BEGIN MATERIAL TO PROCESS

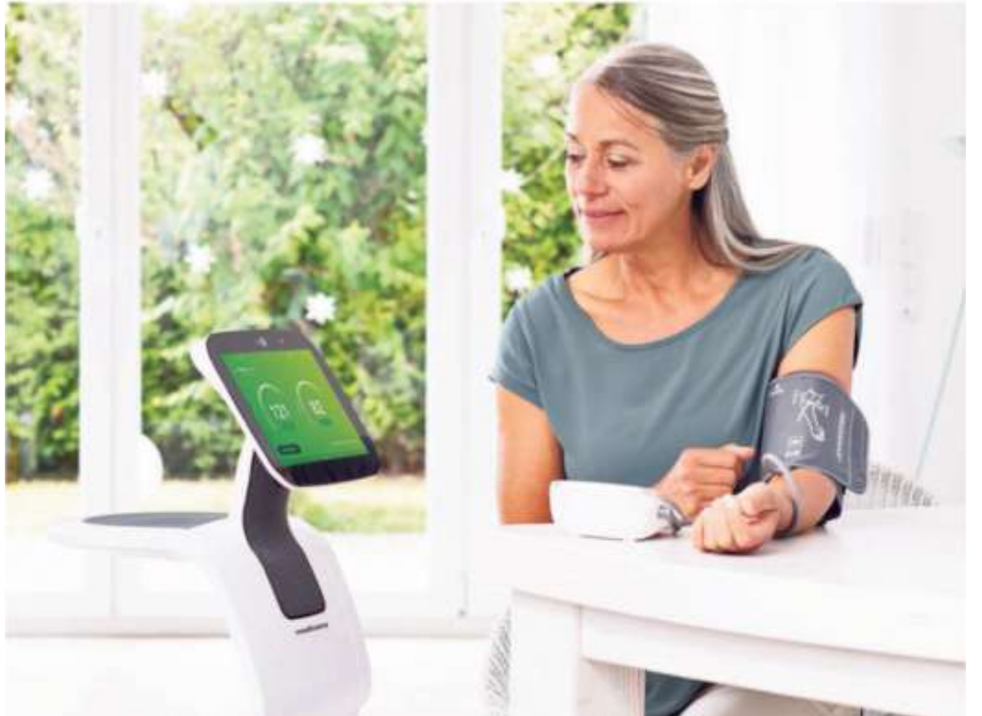
Der Home-Care-Roboter von medisana kann medizinische Daten sammeln, den Benutzer unterhalten und dient der Kommunikation mit Freunden, Familie oder auch Ärzten.

Das Gerät für das sogenannte Ambient Assisted Living (ALL) soll aber auch der Vereinsamung im Alter entgegenwirken. Über Alexa steht per Sprachsteuerung ein breites Entertainment-Angebot zur Verfügung. „Wir haben bei der Entwicklung den Schwerpunkt auf die vier Bereiche Sicherheit, Kommunikation, Unterhaltung und Gesundheit ge-
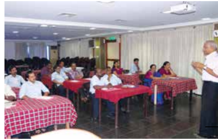
Training on 'Safety & Quality Awareness'.
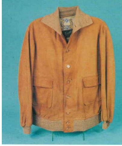
Görsel 7. Montgomeri

Yelek: Yünlü lacivert kumaş, çizgili beyaz ipek astar ve düğmeden oluşmaktadır. Önden tek sıra kapama tercih edilmiş ve altı düğme kullanılmıştır. İki yanda ve göğüs üzerinde cepler vardır. Yakası beden hattına kadar açık V yakadır. Sırt kısmı lacivert astar kumaşandır. Parçalar makinede tutturulmuştur. Etek ucu elde baskı dikişi ile tutturulmuştur. İlikler elde açılmıştır. Astar olarak boyuna çizgili beyaz renk ipek astar kullanılmıştır. Astar parçaları makinede dikilmiş, yelege elde baskı dikişi ile tutturulmuştur.
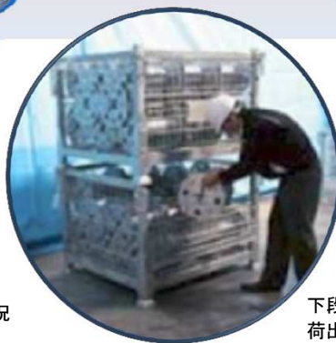
下段パレットの 荷出し入れ状況
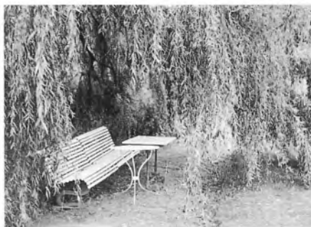
Øverst et stemningsbillede fra Reberbaneparken, der var domineret af piletræer. Nederst ses det gamle hus på Reberbanen, Lundegade 13.
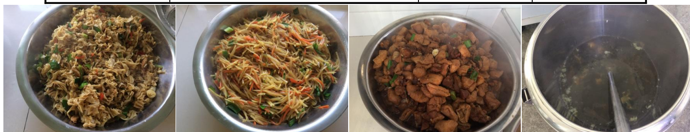
图 8 调查当日学生菜品组图
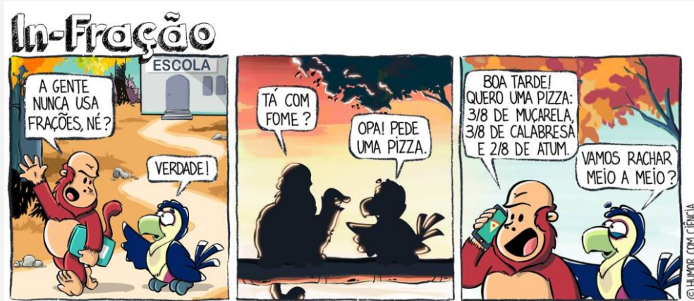
Figura 5 - Tirinha do Segundo Encontro – Tuca: In-fração
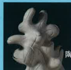
陶芸 / 千葉洸里
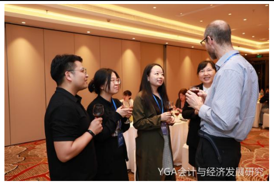
碳排放核算及碳会计国际研讨会暨国家社科基金重大项目“深化混合所有制改革的机制创新和实现路径研究”研讨会现场
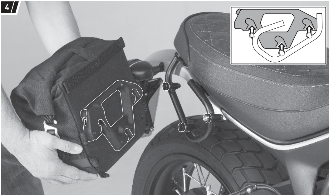
Befestigung und Fahrzeug dienen als Beispiel. / Fixation and vehicle are examples.

Setzen Sie die drei Öffnungen des Schnellverschluss-Systems auf die Aufnahmebolzen des montierten SLC Seitenträgers.
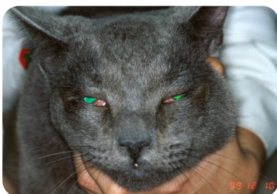
Entropion des 2 yeux sur un chat

END MATERIAL TO PROCESS

Return the lines exactly as they stand, from the start of the entries through the line holding "Görsel 7. Montgomeri"; omit the pictures.

Der Home-Care-Roboter von medisana kann medizinische Daten sammeln, den Benutzer unterhalten und dient der Kommunikation mit Freunden, Familie oder auch Ärzten.

Das Gerät für das sogenannte Ambient Assisted Living (ALL) soll aber auch der Vereinsamung im Alter entgegenwirken. Über Alexa steht per Sprachsteuerung ein breites Entertainment-Angebot zur Verfügung. „Wir haben bei der Entwicklung den Schwerpunkt auf die vier Bereiche Sicherheit, Kommunikation, Unterhaltung und Gesundheit ge-
Training on 'Safety & Quality Awareness'.
Görsel 7. Montgomeri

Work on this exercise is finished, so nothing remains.